Thursday, June 22, 2017

How To Adopt A Child Refugee



i am an adoptee and i'm supposedto be grateful about that, but it's just not that simple. as an adoptee, i'm the only person in the world i know i'm related to. i don't have a birth date.


How To Adopt A Child Refugee, my name has been changed. i lack the culture, the family, the religion, the language that i was born into. i'm more likely to commit suicide.

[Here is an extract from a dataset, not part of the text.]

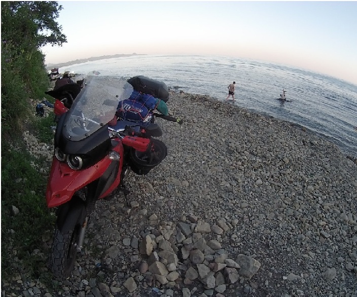 Катим потихонечку в Джубгу. Там закупаемся провиантом и едем далее в сторону Сочи, в надежде найти автокемпинг. Автокемпинг нашли. Стоит он- 500 рублей с мотоцикла (авто-1000 руб). Пляж- каменистый. Спуск к нему есть даже для машин. Бесплатно- душ и вода питьевая. На территории есть кафе и магазин. В аренду можно взять катамаран.
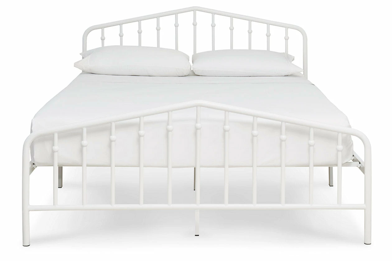 With a practical sense of beauty, this twin bed brings a subtle decorative element to your room with its white finish. Stylish spindles mounted on a gently arching top rail add visual interest without being too flashy. Bed setup is simple, with no additional foundation required.

i'm more likely, as an adoptee, to suffer from a substance use disorder or abuse drugs and alcohol. i'm more likely to self-harm and we're not allowed to talk about it, which compounds the trauma, the trauma of being relinquished and the trauma of being an adoptee. i was given the opportunity to talk about it,


a little over a year ago when i was approached to write something for the washington post magazine about being an adoptee. i told my editor to expect a lot of hate mail. most people identify with adoptive parents and adoptive agencies and they forget that, we're not children anymore, we grow up and we have our own opinions about what has happened to us. so i wrote my piece and sent it off


and it went around the world and i braced for the worst. and the worst came. i got email after email telling me i was an ungrateful adoptee, that i should be ashamed of myself. that, i could've grown up in a slum or worse and i should be, lucky that i had the life i had.


but then i also got these amazing emails from adoptees from all over our country and all over the world, thanking me for expressing what they've been feeling their whole lives. thanking me for sharing my story and being brave enough to share theirs.


thanking me, for changing the narrative. and i finally realized that by raising my voice, i was no longer alone.